Check out his web site. http://macd.org/local-districts.html. Some counties have real deals on not only apple trees but on wildlife shrubs, oaks, spruce, pine, etc. Be sure to note the ordering deadlines. FM


----------



## riverrat606

thanks for the info and opinions, i have looked at tree sale in my county (chippawa) and the are offering 4 apple trees= wolfriver, honeycrisp, red max, and lodi. they are all eating/baking apples. I'd prob be at the trees more than the deer! they also offer a high brush cranberry, and a crabapple. I am planning on getting oak trees as well, but wanted to line my food plots with apple. any more help would be great! 

thanks, jason


----------



## Direwolfe

Depending on your schedule and the number of trees you want to plant, you may want to start some seedling apples or crabapples. Grow them at your home for a year then transplant to permanent spot. This is what the nurseries do. Do some searching in the whitetail habitat forum for threads on starting apple trees from seeds.


----------



## Forest Meister

If you are looking for apples that stay on the trees into fall consider Sweet 16, Northern Spy and my all time favorite Northwest Greening (or any of the greening varities). Most years greenings still have a lot of apples on the trees during deer season, even into the winter if not picked or shaken down (baiting???). 

Nurseries seem to charge a lot for their trees so you might want to check with the soil conservation district and see if they can order the varities you desire. They have done it in the past. Also, check the neighboring county sites. Different counties can and do offer different sizes and varities of trees. FM


----------



## boostfan

are there dis-advantages to having a good mix?

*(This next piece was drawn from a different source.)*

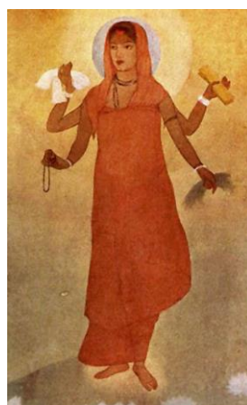
Figure 2: Mother India by Abanindranath Tagore

My initial thought is that I want to keep deer around my property, so having some trees which drop early, some trees which drop late, and some in-between. Does that make sense?


----------



## Liver and Onions

riverrat606 said:


> ........, i have looked at tree sale in my county (chippawa) and the are offering 4 apple trees= wolfriver, honeycrisp, red max, and lodi. ...........
> thanks, jason


I planted apple trees from my county conservation District about 10 years ago. Trees were about 5' tall and bare root. Planted half near my cabin where I was able to water then during the summer on my visits. The other half in areas of full sun and not far from hunting stands. All were planted in light soil and equally protected from rabbits and deer. All of the trees near my cabin are now producing some apples. All of the others that were not watered the first summer were dead by that Sept.
3 years ago I planted 25 of the apple trees that I mentioned earlier. Planted them all in areas of full sun with many near my deer hunting stands. Did not water any, but did protected them from deer and rabbits. 24 lived.
If you can water the trees the first summer the bigger trees will produce appples about 3 years sooner. If not, consider 1-2 trees. 
I noticed that a nursery was advertising on this site and I looked at the apple trees. Then I noticed that the nursery was in Georgia. If you order from a nursery, make sure you get trees that can survive your winters.

L & O


----------



## MFPS

Check Out Morse Nursery I think they are in GR They have a list as to what apple trees to plant and when the fruit ripens.


----------



## Drisc13

Liver and Onions said:


> I planted apple trees from my county conservation District about 10 years ago. Trees were about 5' tall and bare root. Planted half near my cabin where I was able to water then during the summer on my visits. The other half in areas of full sun and not far from hunting stands. All were planted in light soil and equally protected from rabbits and deer. All of the trees near my cabin are now producing some apples. All of the others that were not watered the first summer were dead by that Sept.
> 3 years ago I planted 25 of the apple trees that I mentioned earlier. Planted them all in areas of full sun with many near my deer hunting stands. Did not water any, but did protected them from deer and rabbits. 24 lived.
> If you can water the trees the first summer the bigger trees will produce appples about 3 years sooner. If not, consider 1-2 trees.
> I noticed that a nursery was advertising on this site and I looked at the apple trees. Then I noticed that the nursery was in Georgia. If you order from a nursery, make sure you get trees that can survive your winters.
> 
> L & O


I've got very similar experience as this. I currently have about 35 tree's ranging from 1 to 8 years old (including one that just "showed up" on the edge of my swamp!).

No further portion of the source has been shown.